The question asked with increasing frequency lately is “Why don’t we have any in Savannah?”

Like so many things in this town, the answer stirs up a pot of interested entrepreneurs, convoluted bureaucracy and peculiar policies. The good news is it might be getting better.

At a meeting last week in the Creative Coast office, more than 40 people showed up to take part in a conversation with Tom Vanderhorst, the City of Savannah’s Revenue Director, and Randolph Scott, the head of the City’s Zoning Department, both of whom play a crucial role in the permitting process for mobile vendors.

Vanderhorst, who moved to Savannah from Ohio six months ago to take over the position vacated by Buddy Clay, called the level of citizen interest in the issue “exciting.”

The turnout surprised Creative Coast Executive Director Jake Hodesh, who initially proposed the meeting expecting maybe a half dozen people.

“I wanted to see if the Creative Coast could help on a project like this,” he told us before the meeting. “Could we be a bridge between the entrepreneur community and the City?”

The answer seems to be yes.

The crowd included restaurant owners, entrepreneurs, a professor, an economist and people who were “just interested.”

The group asked questions, raised issues and attempted to clarify their understanding of laws governing food carts locally and at the state level.

“My understanding was that it was pretty much impossible,” says Brittney Blackshear, who is starting a business called Crepe–A–Diem.
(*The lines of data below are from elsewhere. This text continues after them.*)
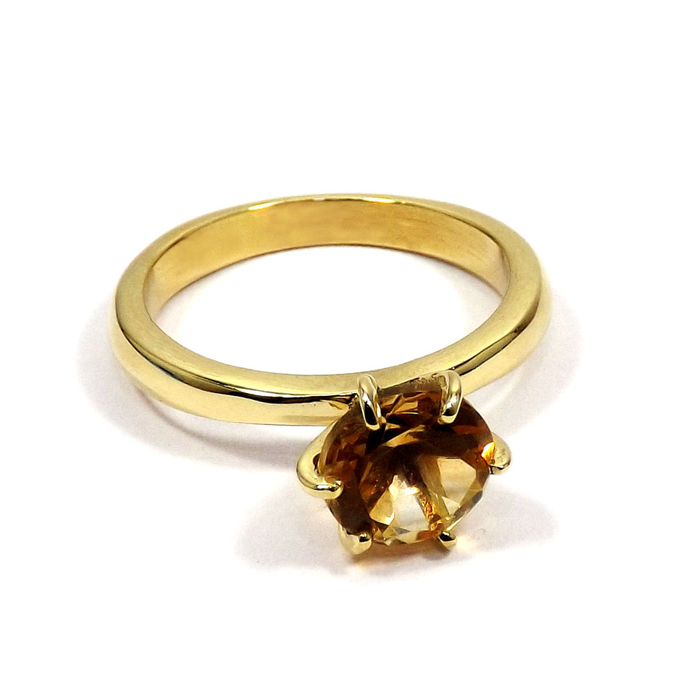 CBR971- Faceted Citrine 8x8 mm Rough Gold Plated Brass Casting Ring..
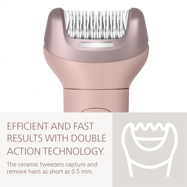 Epilatorn tar bort hår så korta som 0,5 mm, vilket stödjer grundlig hårborttagning med färre drag.
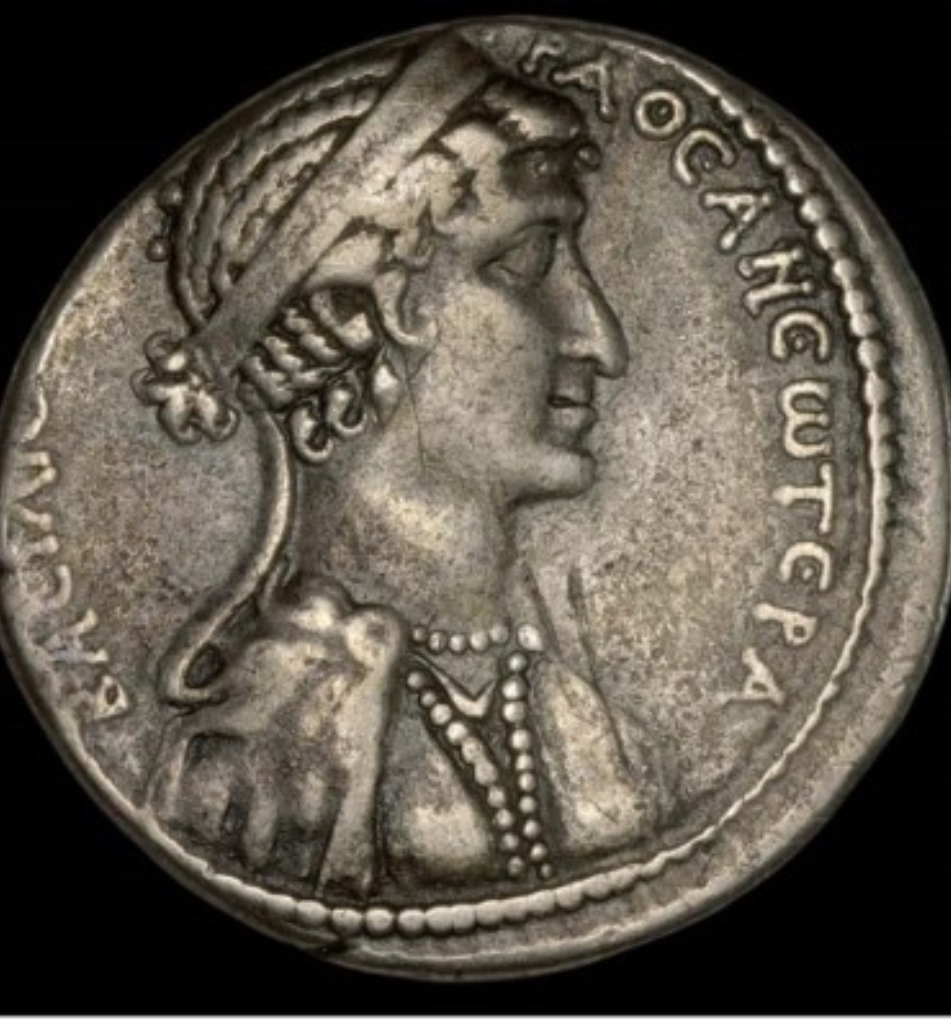 벽의 높은 곳에 뚫려 있는 구멍들 속에서 쏟아져 들어오는 빛 때문에 폼페이우스는 여왕의 얼굴을 똑똑히 볼 수 있었다. 오직 젊음이 주는 매력만이 그나마 인상을 부드럽게 만드는, 딱할 정도로 못생긴 얼굴이었다. 그의 마음에 드는 큰 눈은 녹금색 혹은 녹갈색이었다. 키스하기 좋은 입이었지만 단호하게 다물어져 있었다. 코는 카토-로마 원로원 의원, 카이사르의 열렬한 반대자. 코가 크기로 유명하다.-의 코만큼이나 큰 데다 유대인의 코처럼 강한 매부리코였다. 마케도니아인의 특징이라고는 찾아볼 수 없는 아가씨였다. 전형적인 동방인의 외모였다.』(Masters of Rome Ⅴ. ‘카이사르’ 3권 249~251p)
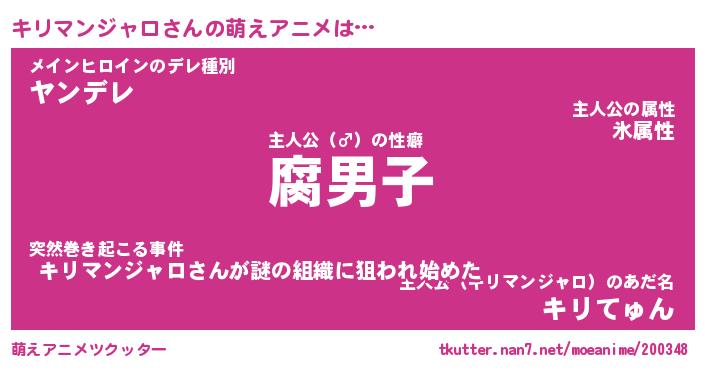 | 男性向けラノベタイトル風あだ名 | 『キリマンジャロアートオンライン』 |
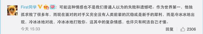 在柯洁的泪水中,很多网友看到了人类和人工智能的最大区别:情感。
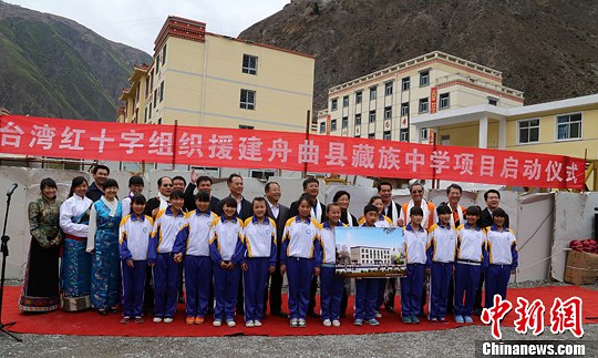 4月21日下午,台湾红十字组织援建甘肃舟曲县藏族中学多功能楼项目在当地举行开工奠基仪式。中新社发 丁思 摄
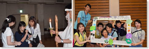 | 夜の活動ではキャンドルのつどいを行いました。ご家族には「この3回シリーズのキャンプでがんばること」について誓いの言葉を言っていただきました。それぞれのご家族の想いの詰まった言葉は、感動的でした。2部では2〜3家族ずつで手作りフォトフレームを作って、写真を撮りました。オリジナルのフレームに納まった、家族のみなさんの笑顔が素敵でした。 |

She was interested in having a food cart before finding out how difficult the process was. “I was going to go to the meeting and see what the progress is and what people are saying.”

The rules surrounding mobile vending in Savannah, particularly for food service, are confounding at best. There are specific areas where vendors can set up, myriad requirements for ownership, different sets of rules during festivals than during the rest of the year, regularly changing requirements from the health department, and a bevy of other considerations.
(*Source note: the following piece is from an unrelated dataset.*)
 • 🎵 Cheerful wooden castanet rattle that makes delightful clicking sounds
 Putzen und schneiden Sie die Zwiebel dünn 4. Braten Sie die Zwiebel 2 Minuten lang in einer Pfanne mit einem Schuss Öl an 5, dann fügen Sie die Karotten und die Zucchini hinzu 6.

“Some of the ordinances we enforce aren’t that well written,” says Vanderhorst during the meeting. He’s had to learn the ropes of the local system since taking the job; the 2011 Revenue Ordinance for Savannah is 157 pages long, and that’s just the beginning.

In order to have a food cart in Savannah, the owner must secure the following: Sales tax ID from the state Department of Revenue, a permit from the state Department of Agriculture (for baked goods, seafood or certain other items), inspection and approval by the Health Department, verification from the City’s Zoning department that it’s a permissible use, a business tax certificate from the City Department of Revenue, and (depending on the location), approval from either the Parks Department, Leisure Services or the Traffic Department.

It’s this labyrinth of “competing bureaucracies,” as one potential vendor described it that makes getting clear information on the process so difficult.